DBRS, Inc. (DBRS) has today commented that its ratings for M&T Bank Corporation (M&T or the Company), including its A (low) Issuer & Senior Debt rating, are unchanged following the release of the Company’s 4Q12 results. The trend on all ratings is Stable. M&T reported net income available to common shareholders of $276.6 million for 4Q12, up from $273.9 million for 3Q12. On a QoQ basis, higher earnings benefited from higher mortgage banking revenues and loan growth. Specifically, higher QoQ earnings were driven by a 1.1% increase in total revenues, partially offset by a 1.6% increase in non-interest expense and a 6.5% increase in provisions for loan losses.

Importantly M&T continues to reflect solid balance sheet fundamentals. The Company’s loan portfolio has grown for five consecutive quarters, including 3.9% growth during 4Q12. Meanwhile, asset quality remains sound.

Benefiting from the low interest rate environment, the company reported a significant $9.7 million, or 9.1%, linked-quarter increase in mortgage banking revenues, which drove the Company’s solid 1.7% increase in non-interest income. Higher non-interest income also reflected increased levels of trading account/foreign exchange gains (up $1.9 million), trust income (up $1.2 million) and brokerage services income (up $758,000). On an operating basis, excluding securities gains/losses, and other-than-temporary-impairment (OTTI) charges of $14.5 million in 4Q12 and $5.7 million in 3Q12, M&T’s fee income increased by a high 3.7% sequentially.
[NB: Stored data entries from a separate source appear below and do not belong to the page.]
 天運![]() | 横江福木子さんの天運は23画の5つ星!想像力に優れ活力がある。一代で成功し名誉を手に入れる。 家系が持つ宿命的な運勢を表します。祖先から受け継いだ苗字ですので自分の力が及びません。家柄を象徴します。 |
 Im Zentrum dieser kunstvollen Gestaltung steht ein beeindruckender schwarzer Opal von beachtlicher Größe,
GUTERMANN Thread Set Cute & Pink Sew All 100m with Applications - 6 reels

Meanwhile, spread income increased by 0.7% on a linked-quarter basis, due to a 1.4% increase in average earnings assets, somewhat offset by a 3 bps narrowing of net interest margin (NIM) to a still solid 3.74%. Higher average earning assets reflected a $1.5 billion, or 2.4%, increase in average loans. Positively, loan growth was fairly broad-based, led by higher levels of residential mortgages (up $790 million), commercial & industrial loans (up $491 million) and commercial real estate loans (up $338 million). DBRS notes that M&T’s loan growth continues to benefit from a large competitor’s divestiture in western New York. Meanwhile, the narrower NIM was primarily driven by lower loan yields.

During 4Q12, expenses were well managed, and increased a moderate 1.6%. The increase in QoQ expenses mostly reflected a branch operating loss related to a customer who misappropriated funds. Higher expenses also reflected a $2.1 million, or 25.9% increase, in the cost of printing/postage supplies and a $1.3 million, or 0.4% increase, in salaries & employees benefits. DBRS anticipates that future expenses will remain well managed.
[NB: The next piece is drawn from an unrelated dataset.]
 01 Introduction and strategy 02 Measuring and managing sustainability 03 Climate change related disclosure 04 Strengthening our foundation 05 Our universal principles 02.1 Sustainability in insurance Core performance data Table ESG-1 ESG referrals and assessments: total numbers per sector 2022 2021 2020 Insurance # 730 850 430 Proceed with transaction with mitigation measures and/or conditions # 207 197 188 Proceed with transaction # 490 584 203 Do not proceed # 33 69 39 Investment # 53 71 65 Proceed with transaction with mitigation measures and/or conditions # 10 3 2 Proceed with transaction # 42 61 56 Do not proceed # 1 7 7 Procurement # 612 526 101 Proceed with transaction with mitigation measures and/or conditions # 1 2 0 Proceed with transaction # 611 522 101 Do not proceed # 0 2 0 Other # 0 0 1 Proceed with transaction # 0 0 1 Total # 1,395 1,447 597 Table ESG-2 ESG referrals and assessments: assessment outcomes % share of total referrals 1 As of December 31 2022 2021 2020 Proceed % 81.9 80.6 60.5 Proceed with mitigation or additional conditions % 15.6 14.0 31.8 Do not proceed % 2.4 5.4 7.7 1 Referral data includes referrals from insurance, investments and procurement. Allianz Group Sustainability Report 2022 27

Despite the difficult operating environment, M&T’s asset quality remains sound. Specifically, at December 31, 2012, nonaccrual loans represented a manageable 1.52% of net loans, up from 1.44% at September 30, 2012. The increase in nonaccrual loans was mostly attributable to the addition of $64 million of loans with a single borrower. Importantly, these loans are fully secured by residential real estate. Moreover, the Company determined that no specific reserve was warranted. Meanwhile, 4Q12 net charge-offs represented a low 0.27% of average loans, up modestly from 0.26% for 3Q12. Finally, DBRS notes that M&T’s allowance for credit losses remains adequate at 1.39% of total loans.

The Company’s solid funding profile is underpinned by a low cost core deposit base which mostly funds its loans. Rounding out its liquidity profile, M&T has a moderately sized securities portfolio and ample access to the FHLB and the Federal Reserve, should additional funding be necessary.
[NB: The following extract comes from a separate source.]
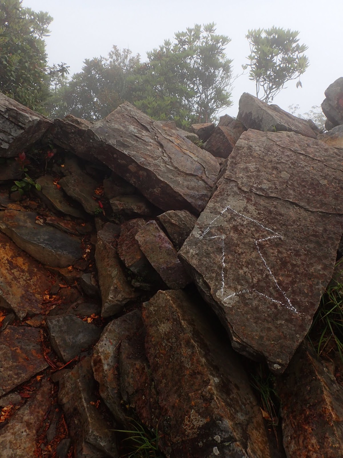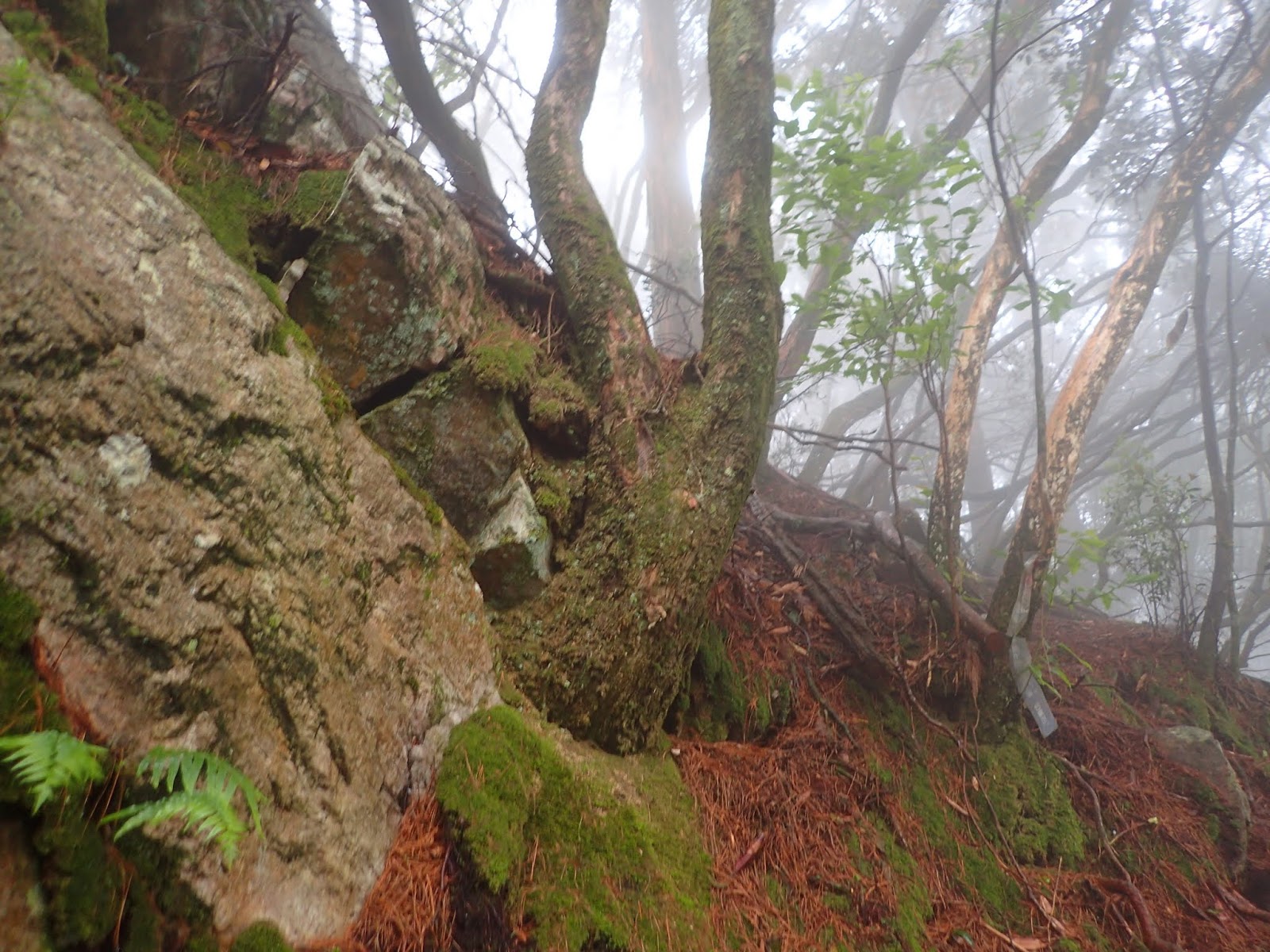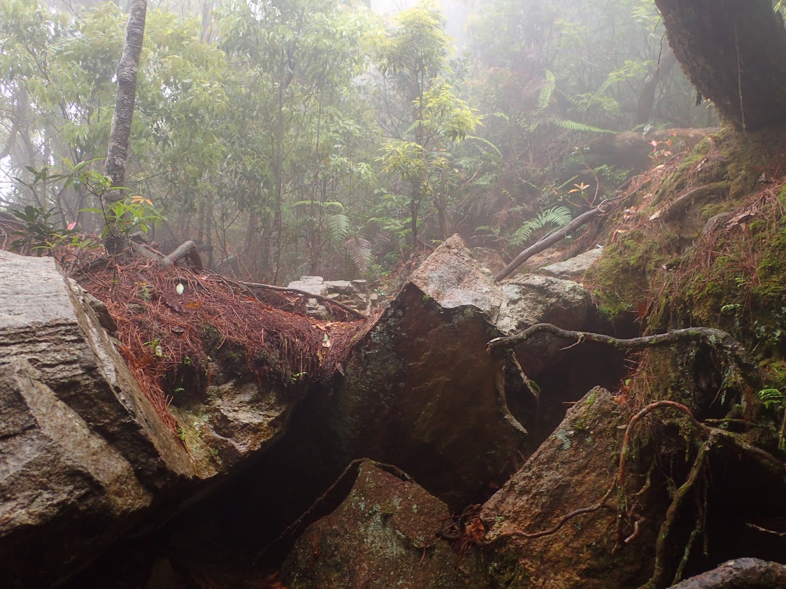 眼前只有尖稜峭壁大塊岩石, 岩壁外白茫茫的一片, 蒙蔽了我的雙眼, 拉著繩索, 腳踏著岩石, 突然感覺好像也沒甚麼恐怖好怕的, 彷彿吃下定心丸心裡篤定的很

Reflecting M&T’s fairly conservative risk profile, the Company has historically operated with a moderately sized capital position. During 4Q12, M&T’s capital profile improved, as its tangible common equity ratio increased to 7.20% at December 31, 2012, up from 7.04% at September 30, 2012 and its estimated Tier 1 common ratio increased to 7.57%, up from 7.47%, respectively.

Notes:
All figures are in U.S. dollars unless otherwise noted.

[Amended on May the 23rd, 2014 to remove unnecessary disclosures.]